- Country: India
- State: Tamil Nadu
- District: Pudukkottai

Population (2001)
- • Total: 2,550

Languages
- • Official: Tamil
- Time zone: UTC+5:30 (IST)

= Vayalogam =

 Vayalogam	 is a village in the Annavasal revenue block of Pudukkottai district, Tamil Nadu, India. Positioned on the Pudukottai-Manapparai SH 74, around 18 km west of Pudukkottai town. Its pin code is 622104. This place is the connecting point for the nearby villages like Agarappatti and Mudhalippatti.

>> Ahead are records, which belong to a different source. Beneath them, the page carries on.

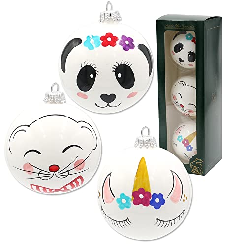 Lauschaer Julgransprydnad – Set om 3 julgranskulor, handmålade och munblåsta med olika djurmotiv, med silverkrona, storlek Ø ca 8 cm
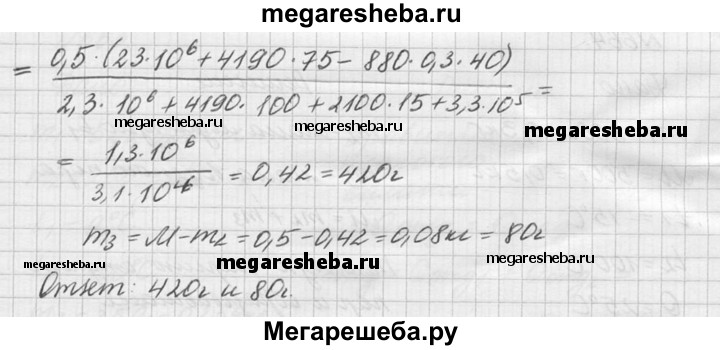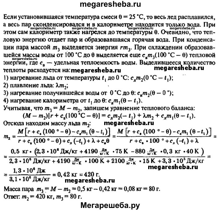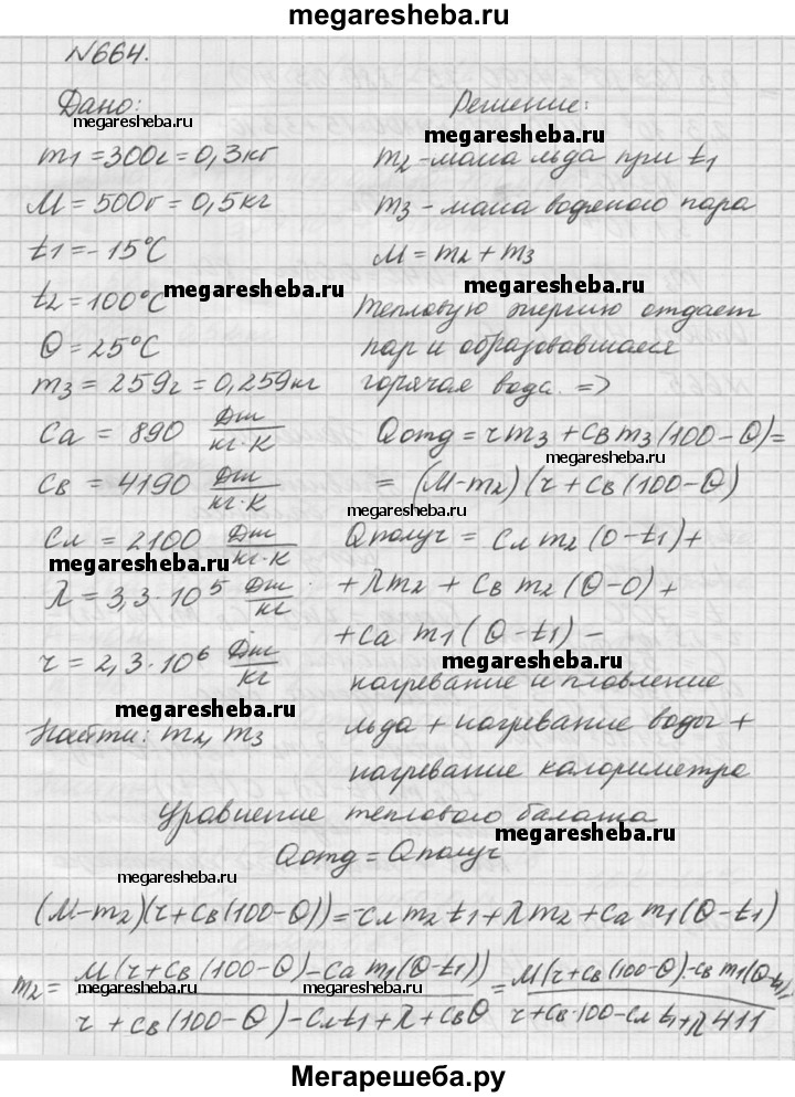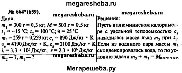 664. В алюминиевый калориметр массой 300 г опустили кусок льда. Температура калориметра и льда -15 °С. Затем пропустили через калориметр водяной пар при 100 °С. После того как температура смеси стала 25 °С, измерили массу смеси, она оказалась равной 500 г. Найти массу сконденсировавшегося пара и массу льда, находившегося в калориметре в начале опыта.
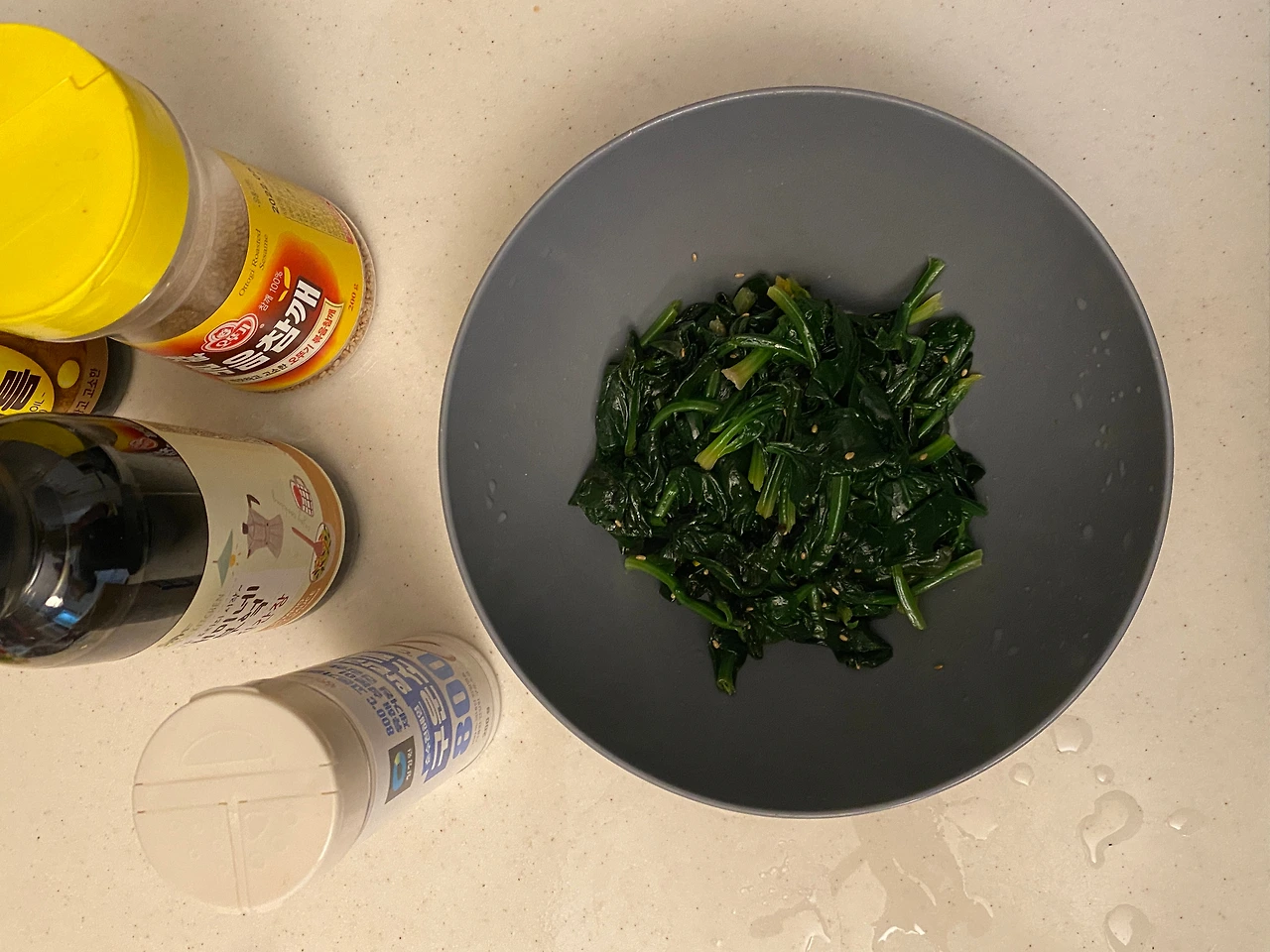 물이 끓으면 시금치를 넣고 휘휘 저어준다.
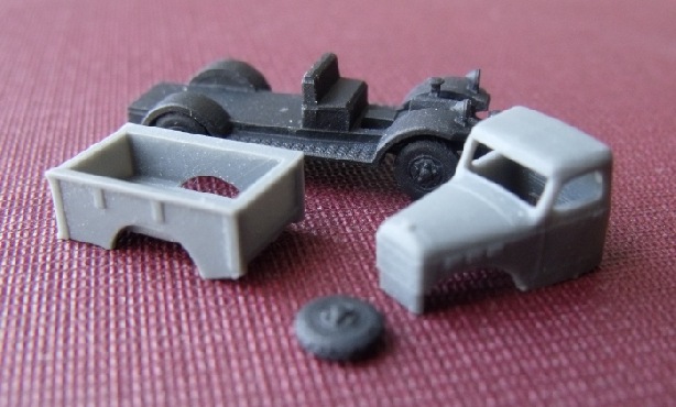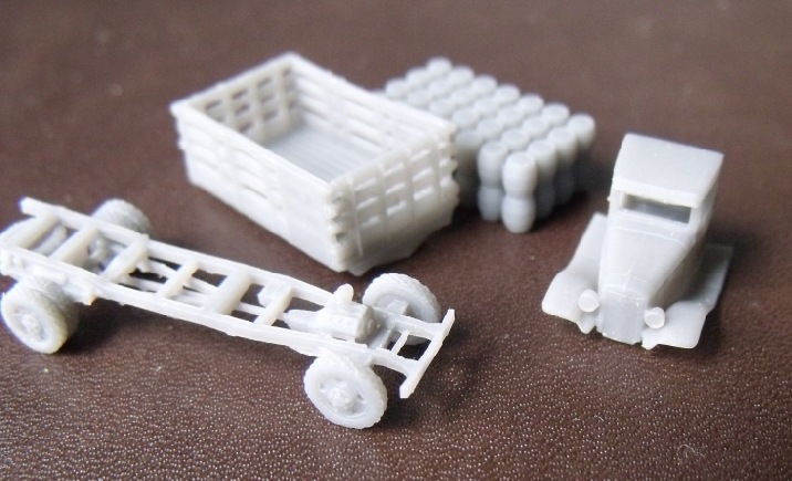 This is a 4 piece kit which includes a 3D printed chassis, a 3D printed cab, a 3D printed cargo bed and a 3D printed load. Also included, decals.
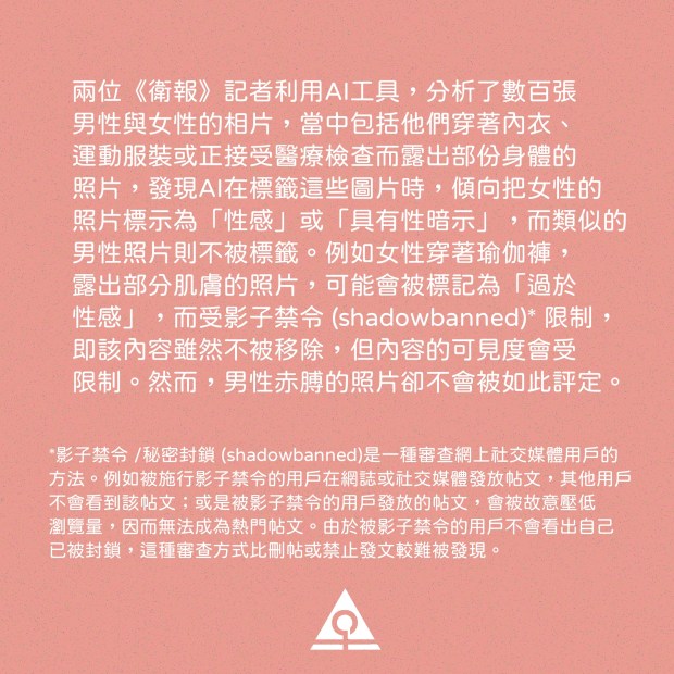 兩位《衛報》記者利用AI工具,分析了數百張男性與女性的相片,當中包括他們穿著內衣、運動服裝或正接受醫療檢查而露出部份身體的照片,發現AI在標籤這些圖片時,傾向把女性的照片標示為「性感」或「具有性暗示」,而類似的男性照片則不被標籤。例如女性穿著瑜伽褲,露出部分肌膚的照片,可能會被標記為「過於性感」,而受影子禁令 (shadowbanned)* 限制,即該內容雖然不被移除,但內容的可見度會受限制。然而,男性赤膊的照片卻不會被如此評定。
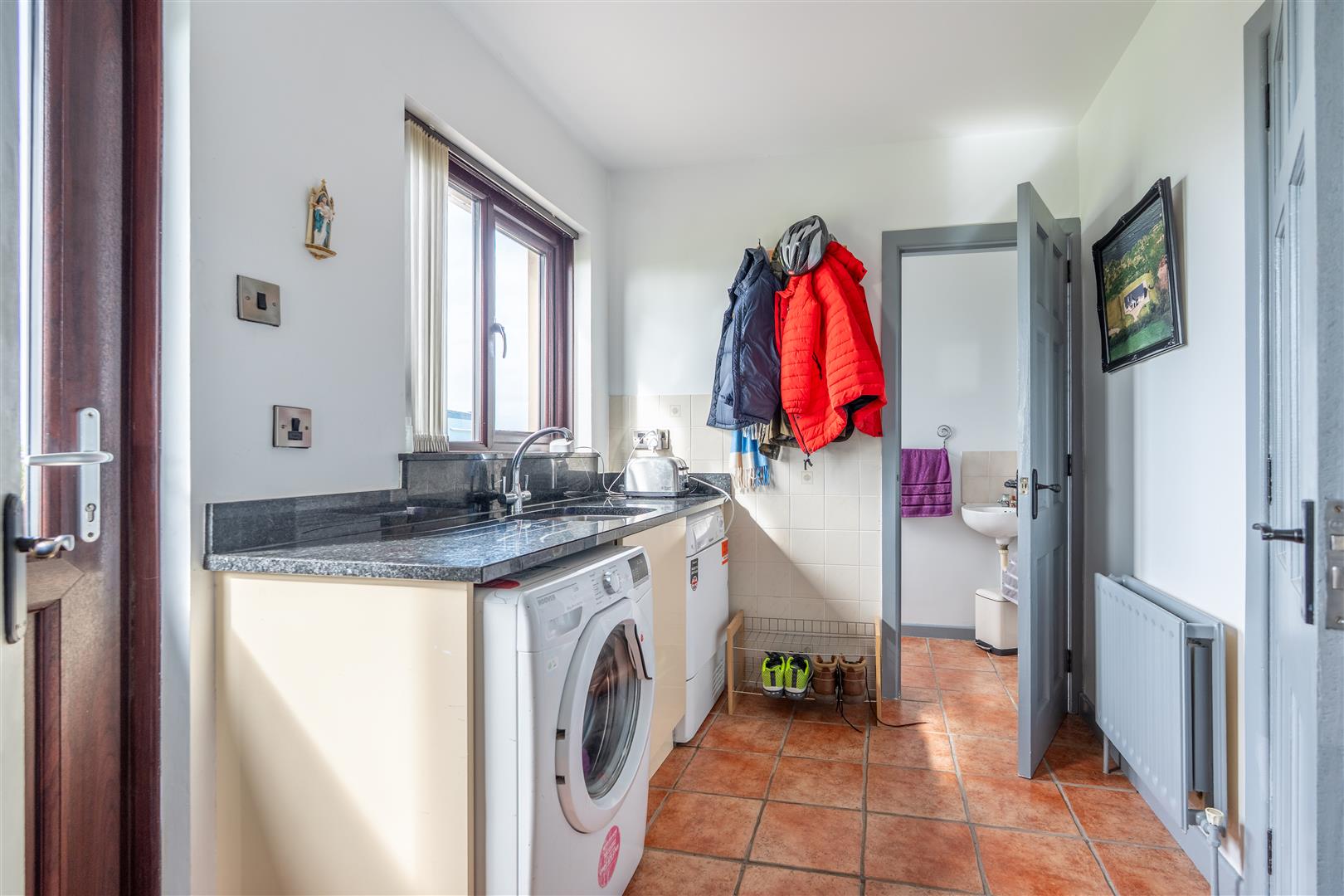 Utility room with matching kitchen units, work surfaces and space for washing machine and tumble dyer
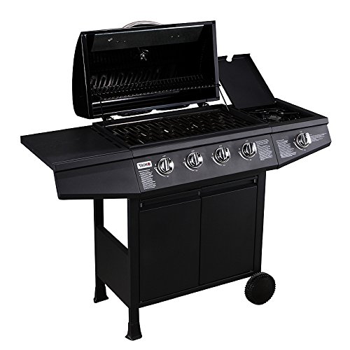 TAINO® Gasgrill BBQ GRILLWAGEN TÜV 4 Edelstahl Brenner Gas Grill + Seitenkocher SCHWARZ
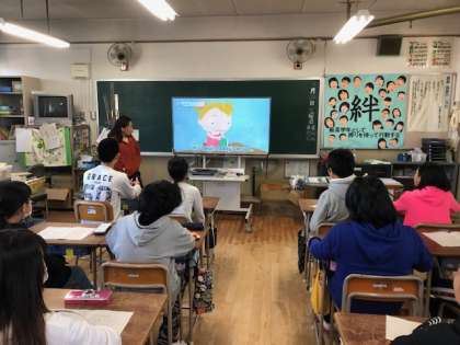 週に10分程度の活動ですが、積み重ねることで高学年の児童は、映像を参考に英語のフレーズを理解できてきました。英語の楽しさを更に感じ取ってほしいと思います。

Majority of the people are farmers here. The Government state seed farm is available here. Its name is Annapannai. It was inaugurated during Chief minister C.N. Annadurai's period. There is Tamilnadu Agricultural university, Kudumiyanmalai within 3 km from here. There are many holy places like Arulmigu Muthumariamman Temple, around 800 years old Sivan Temple, Masjid and Adaikala Annai Church and many more. The famous tourist spots in Pudukkottai like Kudumiyanmalai and Sithannavasal are around 5 km to 10 km away from here. Here Panchayat Union Primary School and Government higher secondary school are available. The GHSS was established on 1966. Here there is a small hospital run by a private organization. The Indian Overseas Bank, post office and TNEB Substation are available here. There are ponds for agriculture and drinking water purposes.

== Demographics ==

As per the 2001 census, Vayalogam had a total population of 2550 with 1278 males and 1272 females. Out of the total population, 1570 people were literate.